Это было очень классно – лежать в огромном джакузи, в прекрасно отремонтированной, идеально надраенной ванной комнате – и мечтать, мечтать, мечтать. И никто не отрывает тебя от этого увлекательнейшего из процессов воплями, криками: «Папа, писать хочу, пусти!», «Папа, я сейчас укакаюсь!». Не слышать ничего этого, не нюхать. Не напрягаться. Никаких этих Леськиных: «Не кури в ванной!» И вообще – никакой Леськи и никаких детей! Нет-нет, пусть они будут. Он их любит. Сильно. Но пусть их не будет конкретно тут, рядом с ним. И не только конкретно тут, а нигде пусть их не будет конкретно рядом с ним, конкретным Соколовым. Пусть они будут где-то там, отдельно от него, и пусть у них всё будет хорошо, сыто и богато! И он, в конце концов, имеет право на покой и на свет! И на несение этого света и покоя другим! Учить по-любому легче, чем учиться. Только – тсс! – никому, Семён Петрович, что ты таки об этом знаешь.

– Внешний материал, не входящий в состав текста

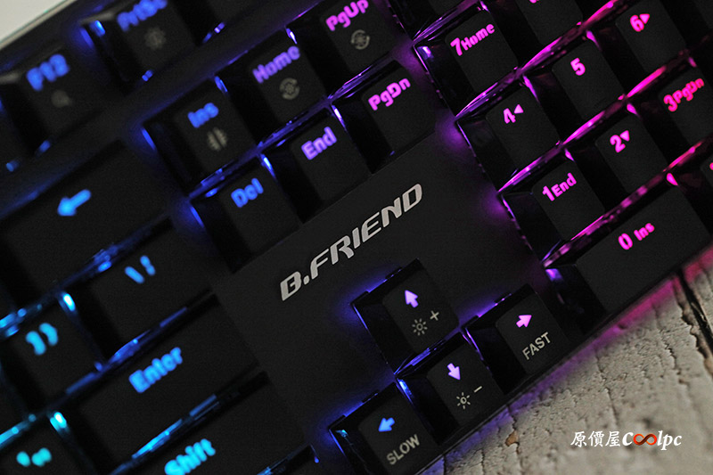 不過再低調鍵盤還是要有品牌的辨識度,所以可以看到方向鍵上方印有代表「B.FRIEND」的LOGO來作點綴。
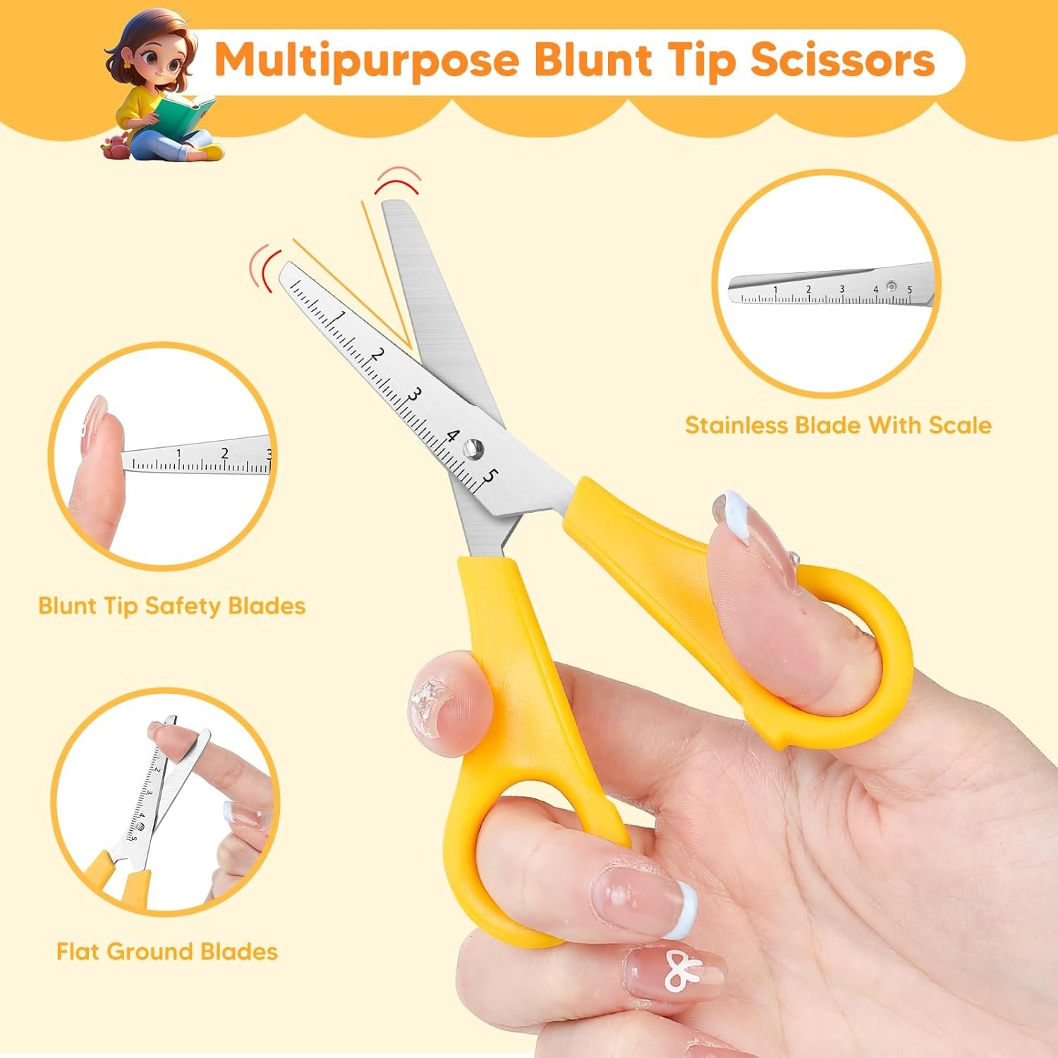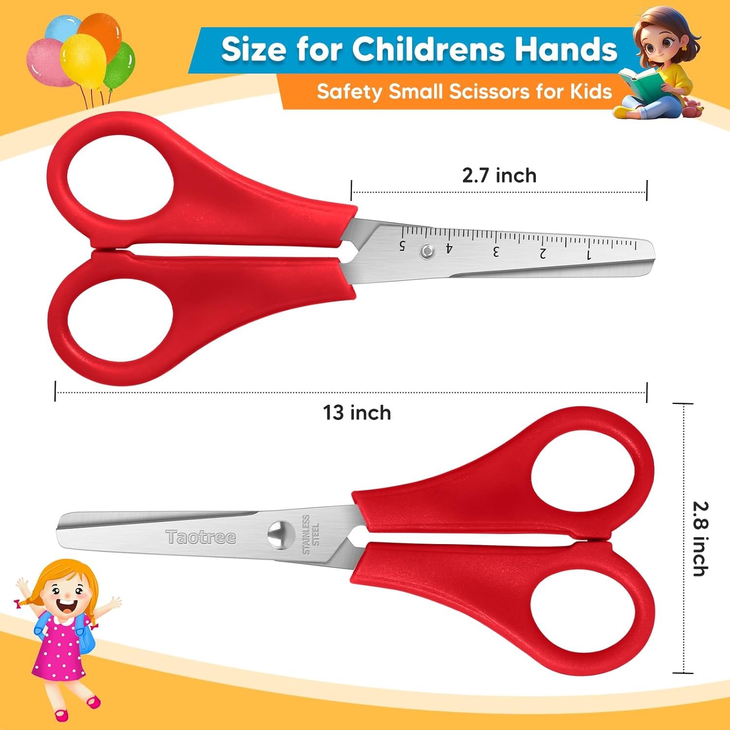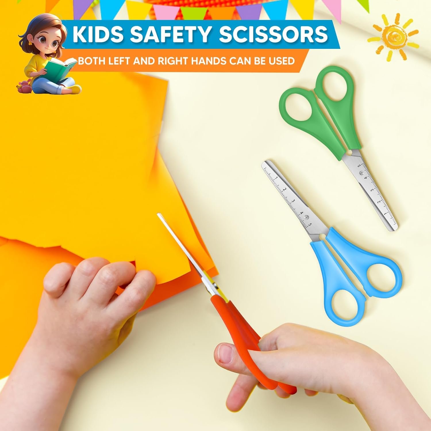 Kids Safety Scissors: Comfortable and soft handles, non-slip surface on the finger loops. Flat-ground Smooth stainless steel blades with safer rounded tips. Small scissors are compact and lightweight, toddler scissors for school craft kids scissors ages 4-5 6 7 8 9 10-12.
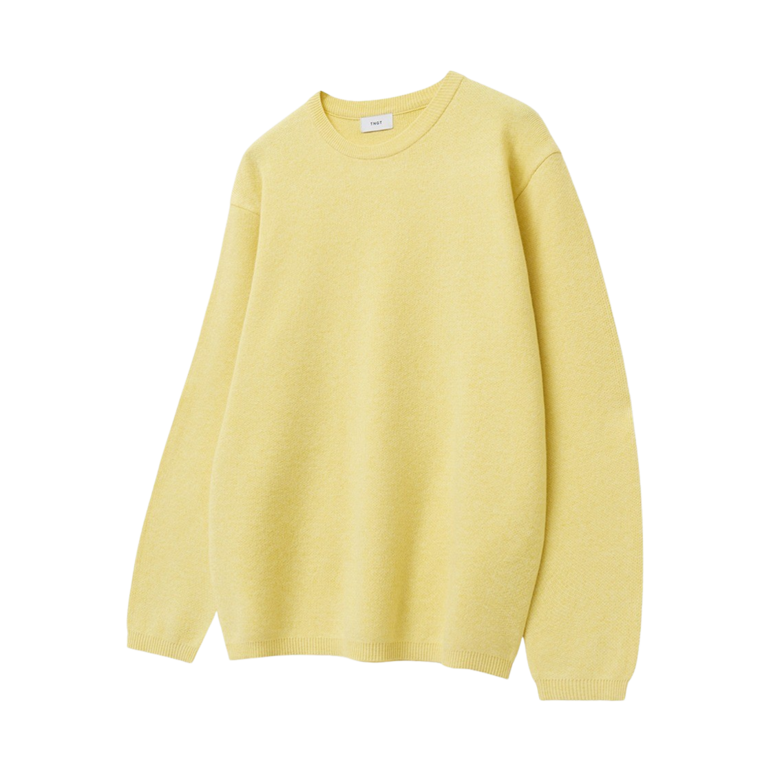 티엔지티 세미오버핏 울캐시미어 에센셜 크루넥 니트 페일옐로우
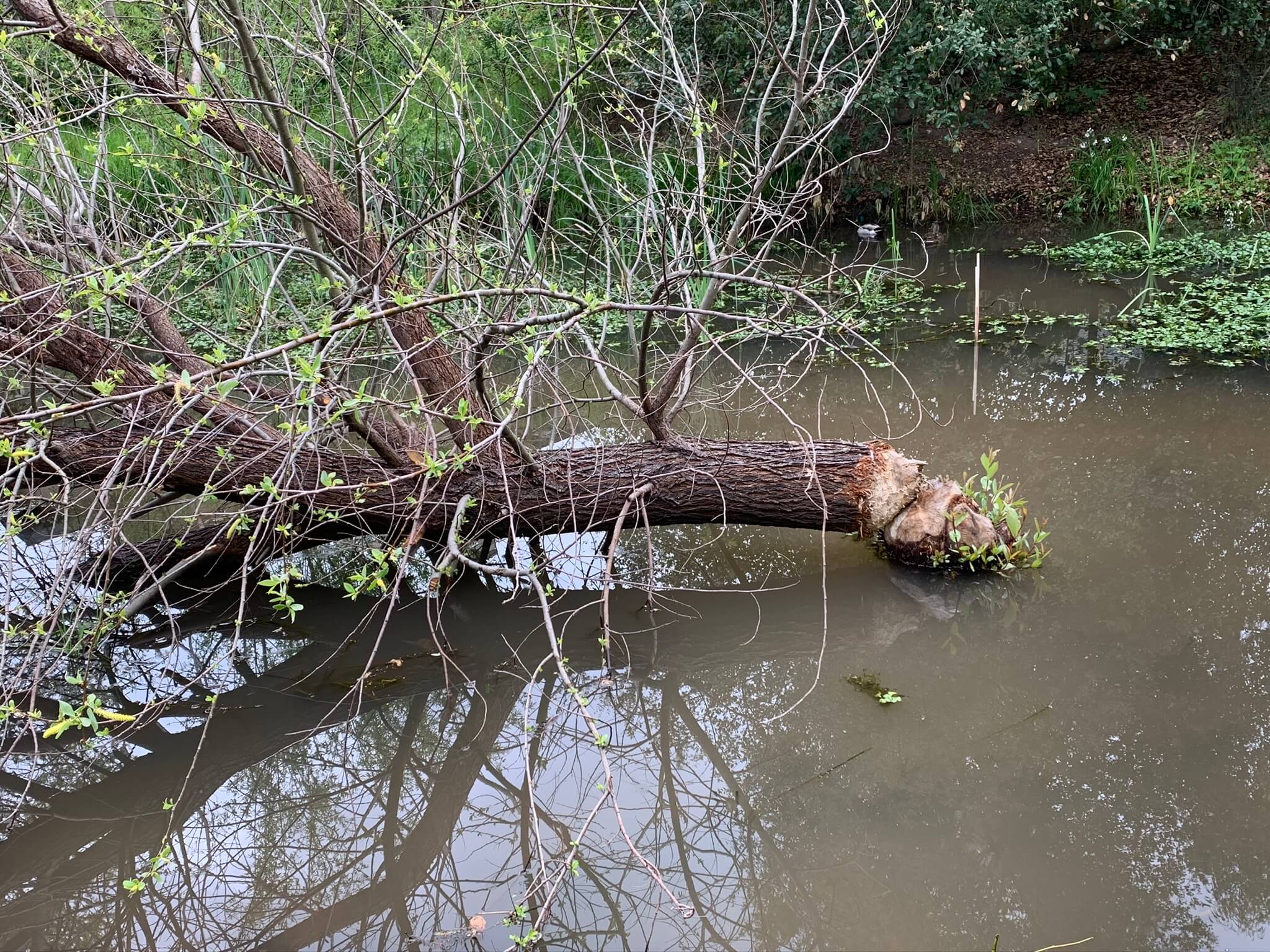 The beavers have been hard at work, and evidence of their engineering skills can be seen in the trees felled by their own sharp teeth. The pond created by their efforts now provides a swimming hole for ducks, and some of them can be seen nesting in the weeds and rushes bordering the creek.
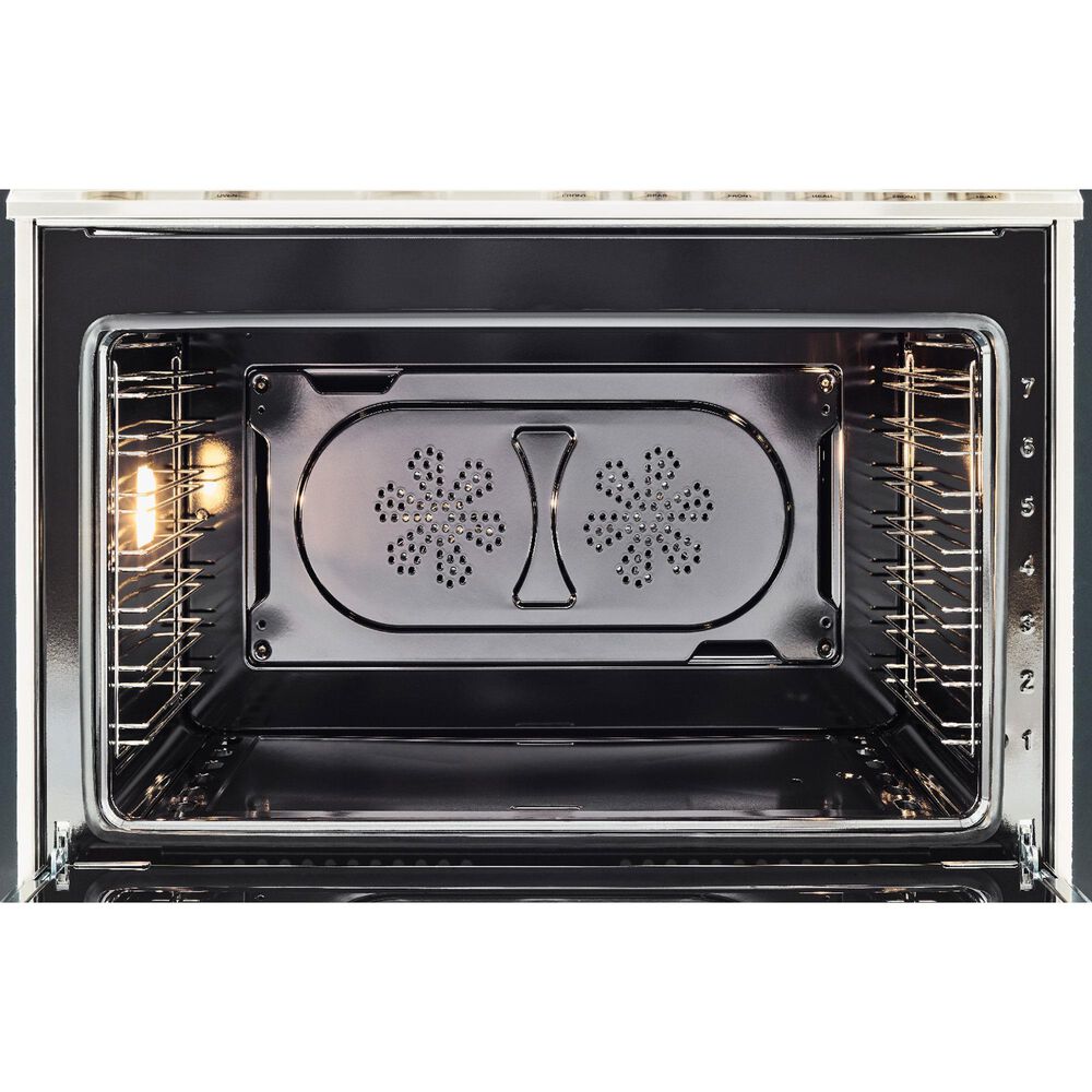 The new Bertazzoni ranges are superb cooking appliances designed, engineered and made in Italy. All Bertazzoni appliances integrate seamlessly into style-harmonized suites for a true, high-performing kitchen. This all-new induction range has 4 high-power heating zones with maximum power output of 3700W. The right-side heating zones can be bridged to create a larger cooking area. Each induction area is controlled with knobs and has a convenient read-out interface on the glass worktop. The 4.7 cubic feet oven cavity is the largest in its class, with dual convection fan for balanced airflow and even temperature baking and roasting on 7 shelf levels. The elegant large temperature gauge monitors the actual temperature in the oven. The extra wide electric broiler with optional convection is ideal for grilling and searing at high heat. The soft-motion oven door with edge-to-edge tempered glass is a masterpiece of European engineering and makes the oven door very easy to wipe clean. The stainless steel racks included with the range can be equipped with optional telescopic glides. All Bertazzoni appliances are covered by a 2-year warranty.
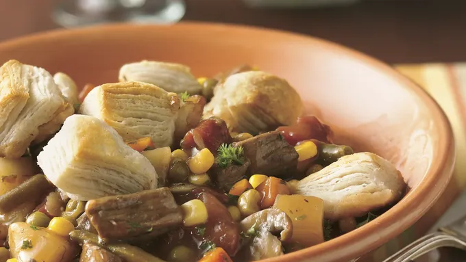 Step4Pour cheese sauce evenly over beef and vegetables in dish. Separate dough into 8 biscuits; arrange evenly over top.
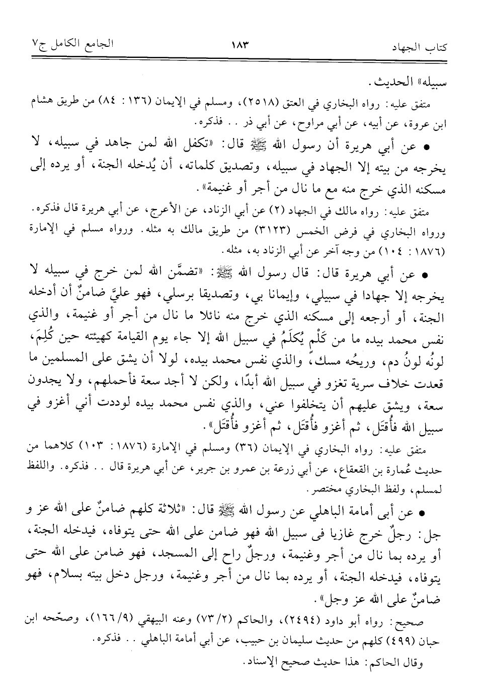 كتاب الجامع الكامل في الحديث الصحيح الشامل المرتب على أبواب الفقه (اسم الجزء: 7)
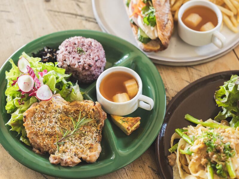 ランチタイムには、オーガニック野菜を使ったサラダが付く「日替わりランチごはん」が人気。デザートでは「生チーズケーキ」や、数量限定の「いちごパフェ」など、スイーツ目当てで訪れる人も多い一軒です。テイクアウトや予約にも対応しており、さまざまなシーンで使い勝手の良い、石和を代表するカフェです。
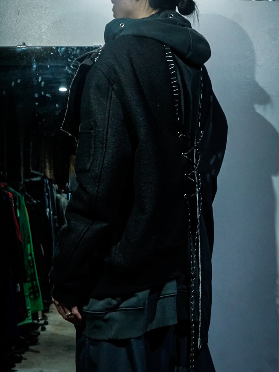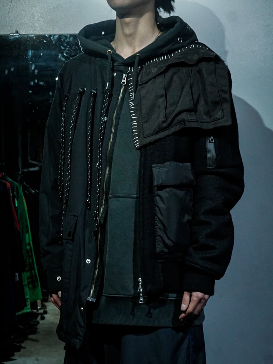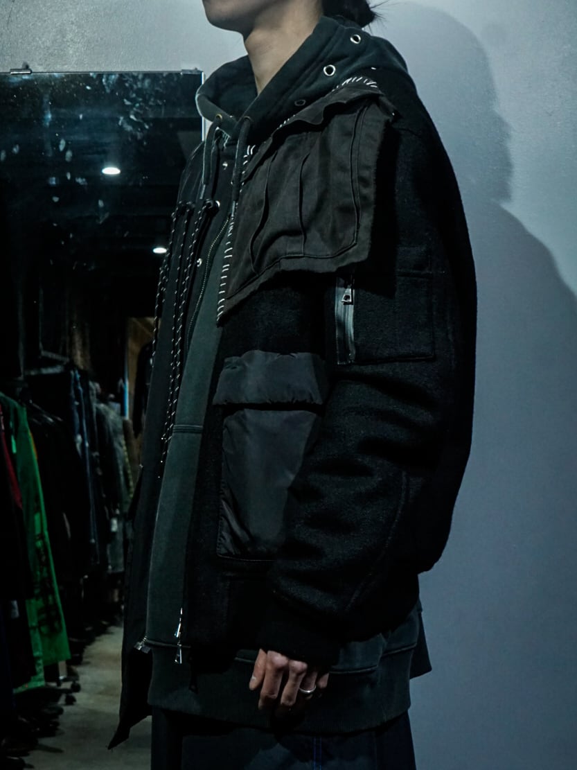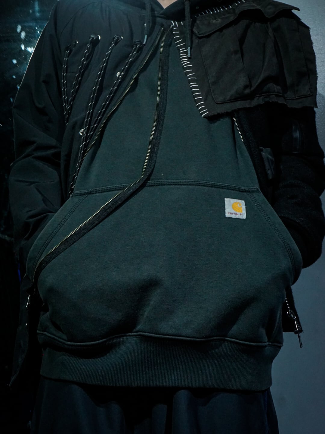 トレンドでもある"Carhartt"のフーディをベースに、左肩部分にはジャケットのポケット部分、ミドル丈のジャケットとウールのボンバージャケットを解体、ドッキングしたプルオーバー。
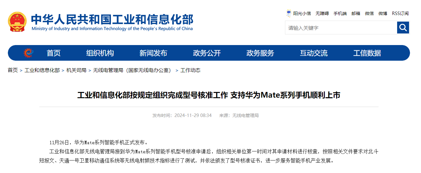 据工信部官方网站最新发布,11月26日,备受瞩目的华为Mate系列智能手机正式面世。此次发布不仅标志着华为在智能手机领域的又一里程碑,更展现了其在技术创新上的不懈追求。
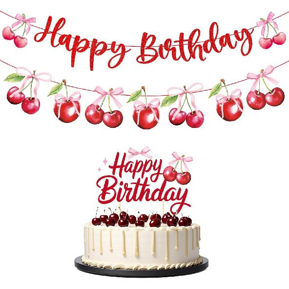 Cherry Birthday Party Decorations - Cherry Themed Banners Decoration Pink Bow Fruit Cake Topper Decor Supplies for Girls Women
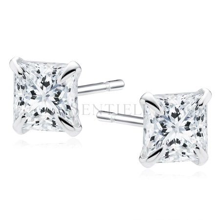 Srebrne kolczyki pr.925 cyrkonia biała 4 x 4mm kwadratowe
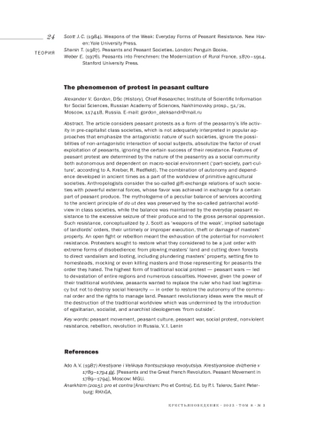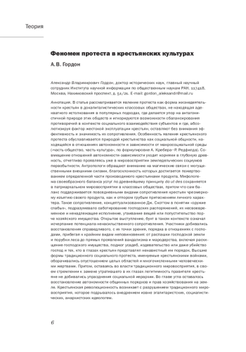 В статье рассматривается явление протеста как форма жизнедеятельности крестьян в докапиталистических классовых обществах, не находящая адекватного истолкования в популярных подходах, где делается упор на антагонистичной природе этих обществ и игнорируются возможности сбалансирования противоречий в контексте социального взаимодействия субъектов и где, абсолютизируя фактор жестокой эксплуатации крестьян, оставляют без внимания эффективность и значимость их сопротивления. Особенность явления крестьянского протеста обуславливается природой крестьянства как социальной общности, находящейся в отношениях автономности и зависимости от макросоциальной среды («часть-общество, часть-культура», по формулировке А. Кребера-Р. Редфилда). Совмещение отношений автономности-зависимости уходит корнями в глубокую древность, отчетливо проявляясь уже в мировосприятии земледельческих социумов первобытности. Антропологи обращают внимание на магические связи с могущественными внешними силами, благосклонность которых достигается пожертвованием определенной части производимого крестьянами продукта. Мифологема своеобразного баланса услуг по древнейшему принципу do ut des сохраняется в патриархальном мировосприятии в классовых обществах, притом что сам баланс поддерживается повседневными видами сопротивления крестьян чрезмерному изъятию своего продукта, как и отпором грубым притеснениям личного характера. Такое сопротивление, концептуализованное Дж. Скоттом в понятии «оружие слабых», подразумевало саботирование господских распоряжений, их несвоевременное и ненадлежащее исполнение, утаивание вещей или попустительство порче хозяйского имущества. Открытое выступление, бунт в таком контексте означал исчерпание потенциала ненасильственного сопротивления. Участники добивались восстановления справедливого, с их точки зрения, порядка в отношениях с господами, прибегая к крайним видам неповиновения: от распашки господской земли и порубки леса до прямых проявлений вандализма и мародерства, включая расхищение господского имущества, поджог усадеб, издевательство или даже убийство господ и тех, кто в глазах крестьян представлял ненавистный им порядок. Высшие формы традиционного социального протеста, именуемые крестьянскими войнами, оборачивались опустошением целых областей и многочисленными человеческими жертвами. Притом, оставаясь во власти традиционного мировосприятия, в своем стремлении к замене утратившего в их глазах легитимность правителя крестьяне не добивались упразднения социальной иерархии. Во главе угла оставалось восстановление автономности общинных порядков и прав хозяйствования на земле. Крестьянская революционность возникает с разрушением традиционного мировосприятия, которое подрывалось внедрением извне эгалитаристских, социалистических, анархистских идеологем.
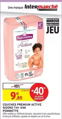 Pommette - couches premium active 9/20kg t4+ x46 : offres et promos Intermarché Hyper à découvrir
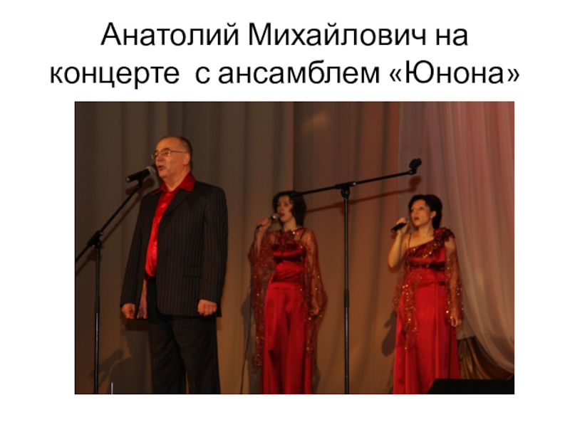 Слайд 9Анатолий Михайлович на концерте с ансамблем «Юнона»

Настроение заметно улучшилось. Соколов перевернулся на пузо, побулькал, пофыркал. И подумал, что было бы неплохо заказать кофе прямо в номер. Прямо в ванную комнату. Чёрт! Это же не номер, а квартира хозяйки гостевого дома. Ну так тем более! Почему он не может заказать себе чашечку кофе прямо в хозяйскую квартиру? Просто обязан на правах личного гостя персональных покоев хозяйки!
Сеня волевым усилием вырвал себя из ванны. Завернулся в приготовленный ему Маргаритой Павловной свежий махровый халат. Не то что дома!.. Ну их, ну их! Чур, чур, чур! И пошёл к телефону. По дороге краем глаза увидав в открытую дверь лежащего на своей кровати Василия Николаевича. Вчера, во время банкета в честь Маргариты Павловны, Соколов почти сдружился с этим классным дядькой! Вот уж кто, в отличие от Северного, умеет слушать! Вот кто не перебивает, не спорит, а только поддакивает, печально качая головой! Идеальный собеседник. Соколову хотелось сделать мужику что-нибудь приятное.
– Хотите кофе? – благодушно поинтересовался Семён Петрович, чуть просунувшись в приоткрытую дверь. – И граммов по сто за ещё одно наступившее утро! Прекрасное, ничейное, для всех нас просто так, ни за что, безо всяких кредитов наступившее утро!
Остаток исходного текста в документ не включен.